▶ _WORK TO BE COMPLETED_: Exactly as written, transcribe the data from its opening line through the line containing "Add professional video". Leave every picture out.

*** RAW DATA ***

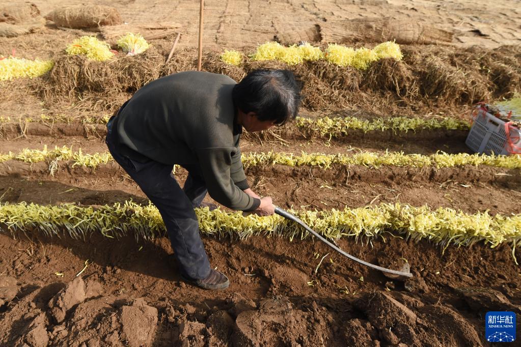 12月15日,在蘭州市西固區張家大坪村,農民在收割韭黃。
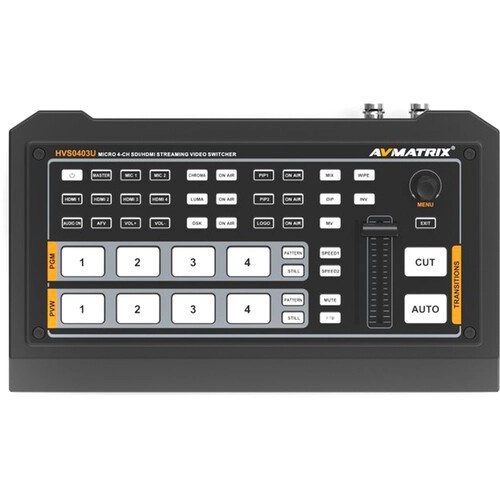 Add professional video switching and audio mixing flexibility to your concert productions, house of worship, educational forum, or live sports programming with this HVS0403U Micro 4-Channel SDI & HDMI Video Switcher from AVMATRIX. Boasting two HDMI and two SDI autodetected inputs, the HVS0403U is a compact and user-friendly video switcher loaded with powerful features, including luma and chroma keying, mix/fade/wipe effects, audio mixing, and a picture-in-picture (PiP) or picture-on-picture (PoP) layout, using tactile functions such as auto and cut transitions or with the T-bar.
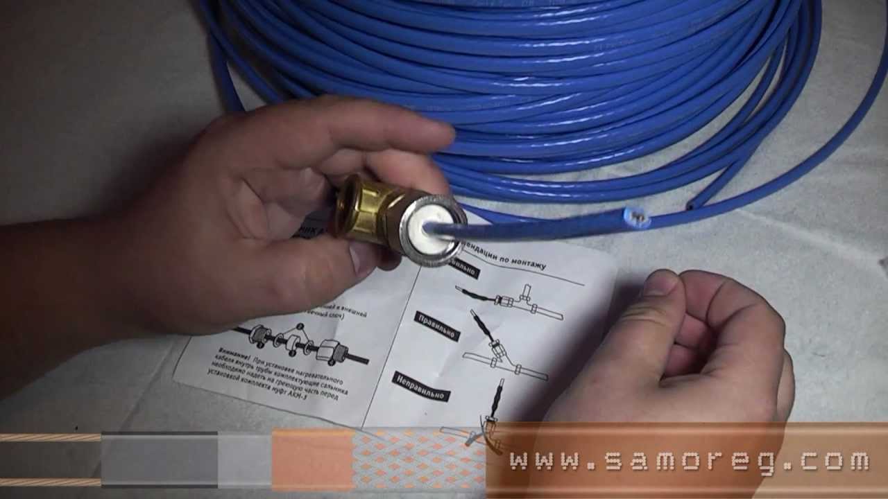 Монтаж саморегулирующегося греющего кабеля внутрь трубы идет через сальник Важно! Если подведен в трубу сверху, то фиксация его положения не требуется. Если же нагревательный элемент подводится снизу, то для недопущения его сползания, требуется надежная фиксация. Чтобы установить греющий кабель внутри трубы, надо точно измерить длину участка трубопровода, нуждающегося в подогреве. Запрещается осуществлять прокладку нагревательного кабеля сквозь запорные вентили. Место установки системы обогрева водопровода отмечают предупредительной надписью. Все действия при вводе кабеля в полость трубы должны проводиться с особой аккуратностью и вниманием, так как нельзя допустить повреждения его внешней оболочки. Резьбу на фитингах в процессе установки лучше закрыть заводской лентой, как и другие острые предметы.

*** End of RAW DATA ***

▶ _EXERCISE OUTPUT_:
 12月15日,在蘭州市西固區張家大坪村,農民在收割韭黃。
 Add professional video switching and audio mixing flexibility to your concert productions, house of worship, educational forum, or live sports programming with this HVS0403U Micro 4-Channel SDI & HDMI Video Switcher from AVMATRIX. Boasting two HDMI and two SDI autodetected inputs, the HVS0403U is a compact and user-friendly video switcher loaded with powerful features, including luma and chroma keying, mix/fade/wipe effects, audio mixing, and a picture-in-picture (PiP) or picture-on-picture (PoP) layout, using tactile functions such as auto and cut transitions or with the T-bar.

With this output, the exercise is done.